__Description of the task__: The answer is the exact run of lines in the listing below from the line containing "Точеные ножки MN-146" up to and including the line containing "Der Tauschraum befindet", with pictures removed.

__Data excerpts__:
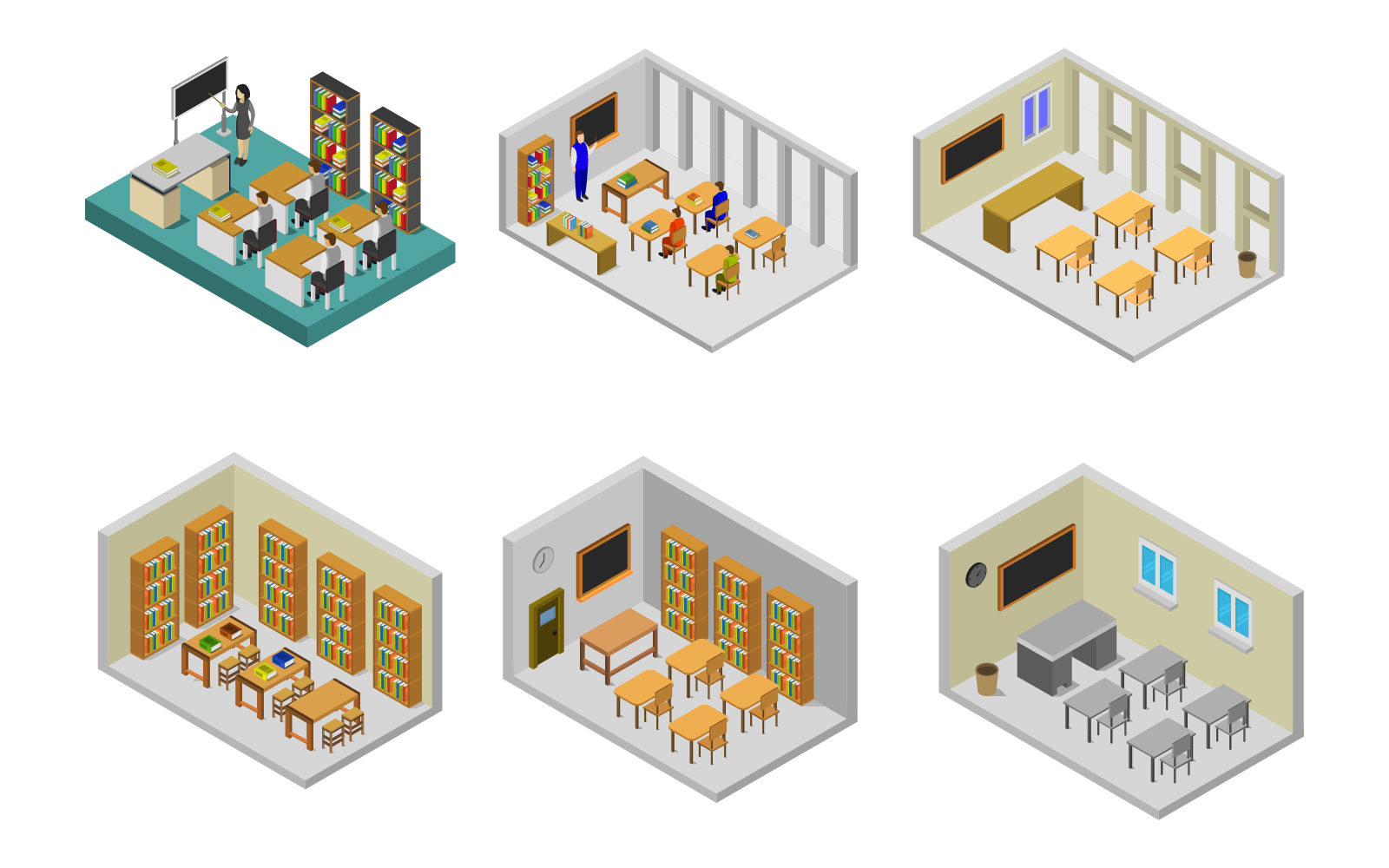 detailed and high quality isometric school room, colored and illustrated in vector on a white background divided into the various vector paths and in EPS format available for Adobe Illustrator and usable for any support and graphic use ready for immediate use for your graphic projects
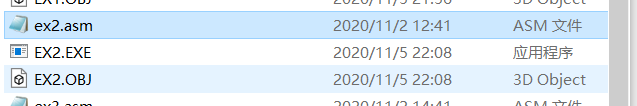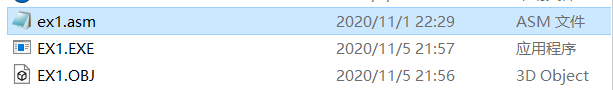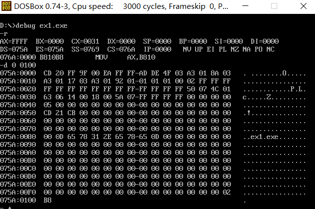使用d命令查看程序段前缀PSP,可以看到其中有ex1.exe表明程序的名称以及一些其他信息有存储在PSP中:
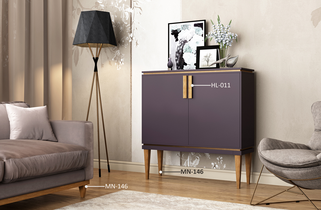 Точеные ножки MN-146 добавляют комоду утонченность и легкость. Их форма и материал подчеркивают изысканность и современность изделия. Эти ножки позволяют комоду "парить" над полом, делая его менее громоздким и более воздушным. Используйте это преимущество, добавляя к декору комнаты легкие шторы или ковры с мягким ворсом.
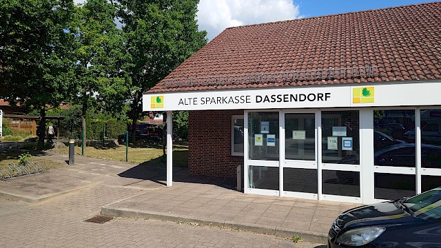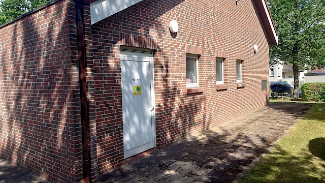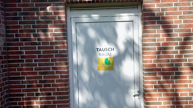 Der Tauschraum befindet sich in der Alten Sparkasse (Sperberweg 4) und ist im östlichen Teil des Gebäudes (rechts) von einer Außentür separat zu erreichen.
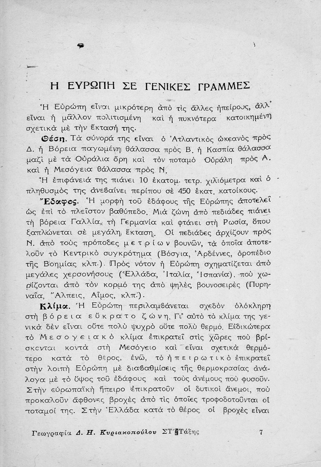 Σχολικό εγχειρίδιο Γεωγραφίας για την ΣΤ΄ Δημοτικού. Περιλαμβάνει στοιχεία φυσικής και μαθηματικής γεωγραφίας που εξετάζει την Ευρώπη και τα κράτη της γεωφυσικά, πολιτικά και οικονομικά.
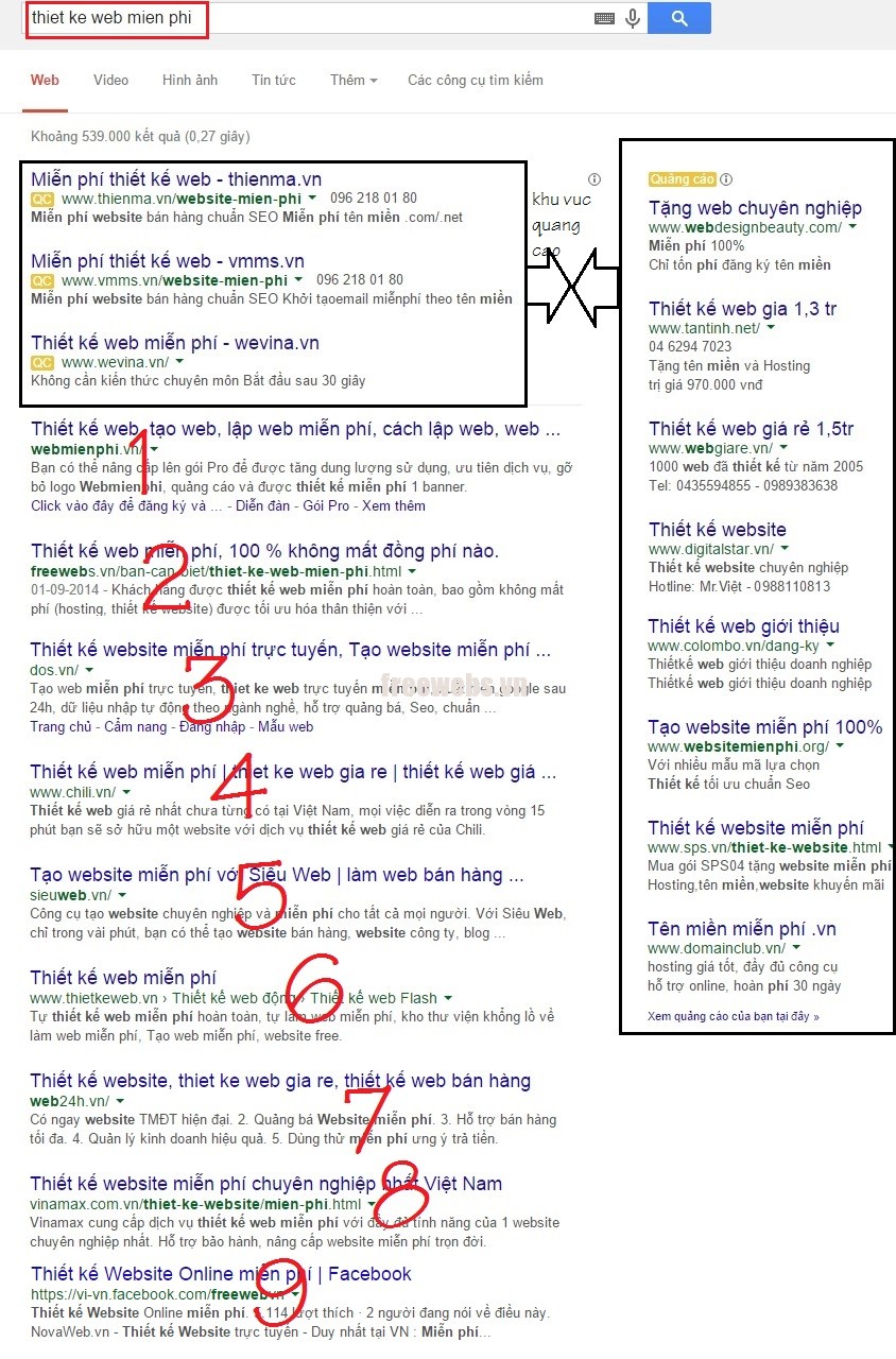 Bây giờ chúng ta hãy vào google.com.vn gõ từ khóa “thiet ke web mien phi” và đây là kết quả em nó.
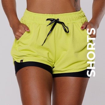 • Short Corrida Feminino Dupla face com Short Interno Cadarço
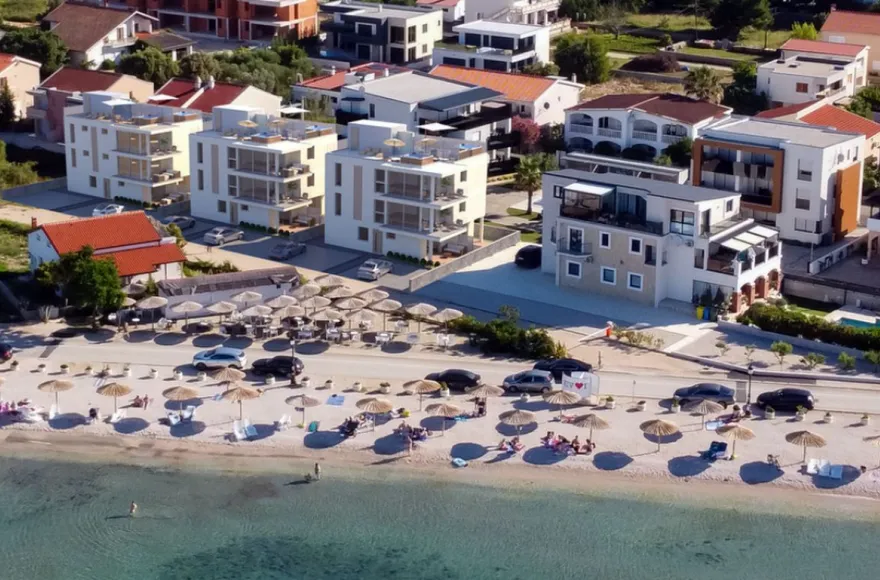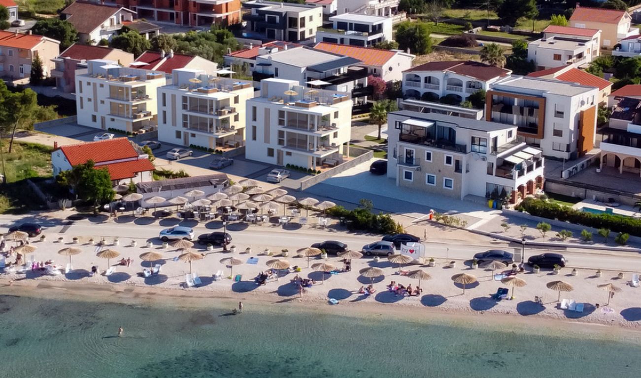 ELADÓ HORVÁT TENGERPARTI INGATLAN VIR ! ZADAR  közelében VIR SZIGETÉN, (hídon keresztül elérhető) déli fekvésű, a tengertől 50-80 m-re, épülő 300 nm-es, 4 lakásos igényes apartmanházak, eladók. A lakások alapterülete 45-95-nm, az első és második emeletiekhez tetőterasz, valamint mindegyikhez tartozik  tároló és parkolóhely.
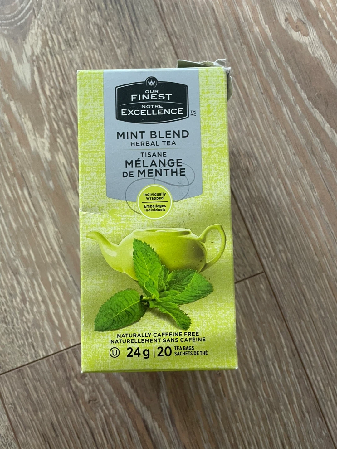 Our Finest Mint Blend Herbal Tea. Naturally caffeine free. Individually wrapped tea bags. 14 tea bags, 24g total.

__Solution below__:
 Точеные ножки MN-146 добавляют комоду утонченность и легкость. Их форма и материал подчеркивают изысканность и современность изделия. Эти ножки позволяют комоду "парить" над полом, делая его менее громоздким и более воздушным. Используйте это преимущество, добавляя к декору комнаты легкие шторы или ковры с мягким ворсом.
 Der Tauschraum befindet sich in der Alten Sparkasse (Sperberweg 4) und ist im östlichen Teil des Gebäudes (rechts) von einer Außentür separat zu erreichen.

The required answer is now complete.